Start of Exercise materials

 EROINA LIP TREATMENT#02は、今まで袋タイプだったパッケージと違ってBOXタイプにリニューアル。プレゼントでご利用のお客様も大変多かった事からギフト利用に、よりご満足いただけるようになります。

End of Exercise materials
Start of Exercise materials

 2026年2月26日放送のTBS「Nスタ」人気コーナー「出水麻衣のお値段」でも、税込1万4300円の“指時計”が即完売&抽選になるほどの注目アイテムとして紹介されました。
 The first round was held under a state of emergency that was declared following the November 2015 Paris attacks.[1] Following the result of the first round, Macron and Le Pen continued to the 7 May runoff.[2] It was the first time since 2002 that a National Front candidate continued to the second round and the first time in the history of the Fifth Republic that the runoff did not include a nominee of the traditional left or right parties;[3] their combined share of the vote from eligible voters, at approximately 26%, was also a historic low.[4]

End of Exercise materials

From the line holding "2026年2月26日放送のT" to the line holding "The first round was", inclusive, restate each line above exactly as written.

### [Reply]
 2026年2月26日放送のTBS「Nスタ」人気コーナー「出水麻衣のお値段」でも、税込1万4300円の“指時計”が即完売&抽選になるほどの注目アイテムとして紹介されました。
 The first round was held under a state of emergency that was declared following the November 2015 Paris attacks.[1] Following the result of the first round, Macron and Le Pen continued to the 7 May runoff.[2] It was the first time since 2002 that a National Front candidate continued to the second round and the first time in the history of the Fifth Republic that the runoff did not include a nominee of the traditional left or right parties;[3] their combined share of the vote from eligible voters, at approximately 26%, was also a historic low.[4]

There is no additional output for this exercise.